** Records provided follows **
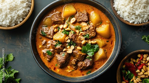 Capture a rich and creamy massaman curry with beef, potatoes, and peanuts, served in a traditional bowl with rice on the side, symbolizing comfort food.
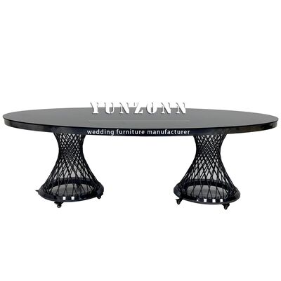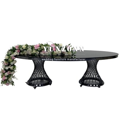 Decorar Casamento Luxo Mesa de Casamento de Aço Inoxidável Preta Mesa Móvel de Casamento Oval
** End of Records provided **
** Records provided follows **
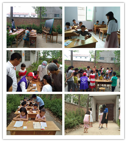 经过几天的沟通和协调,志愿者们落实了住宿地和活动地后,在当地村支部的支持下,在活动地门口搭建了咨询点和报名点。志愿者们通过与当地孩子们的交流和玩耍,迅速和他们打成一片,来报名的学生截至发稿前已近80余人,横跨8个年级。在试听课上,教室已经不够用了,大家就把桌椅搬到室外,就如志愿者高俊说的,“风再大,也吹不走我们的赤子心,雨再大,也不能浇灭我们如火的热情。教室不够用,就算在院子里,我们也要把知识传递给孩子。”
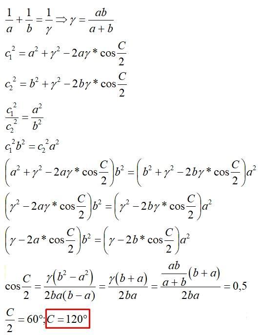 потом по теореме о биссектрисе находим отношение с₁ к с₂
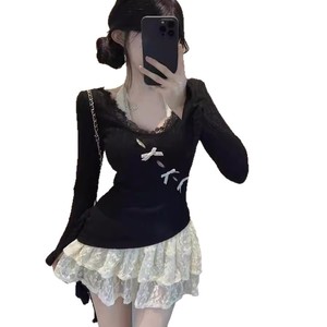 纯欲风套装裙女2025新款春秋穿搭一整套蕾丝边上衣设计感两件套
** End of Records provided **
Directions: Nothing but the lines above from the line with "经过几天的沟通和协调,志愿者" up to and including the line with "纯欲风套装裙女2025新款春秋穿搭一整套蕾丝边上衣设计感两件套" should be returned, exactly as written and without pictures.

Solution to this problem:
 经过几天的沟通和协调,志愿者们落实了住宿地和活动地后,在当地村支部的支持下,在活动地门口搭建了咨询点和报名点。志愿者们通过与当地孩子们的交流和玩耍,迅速和他们打成一片,来报名的学生截至发稿前已近80余人,横跨8个年级。在试听课上,教室已经不够用了,大家就把桌椅搬到室外,就如志愿者高俊说的,“风再大,也吹不走我们的赤子心,雨再大,也不能浇灭我们如火的热情。教室不够用,就算在院子里,我们也要把知识传递给孩子。”
 потом по теореме о биссектрисе находим отношение с₁ к с₂
 纯欲风套装裙女2025新款春秋穿搭一整套蕾丝边上衣设计感两件套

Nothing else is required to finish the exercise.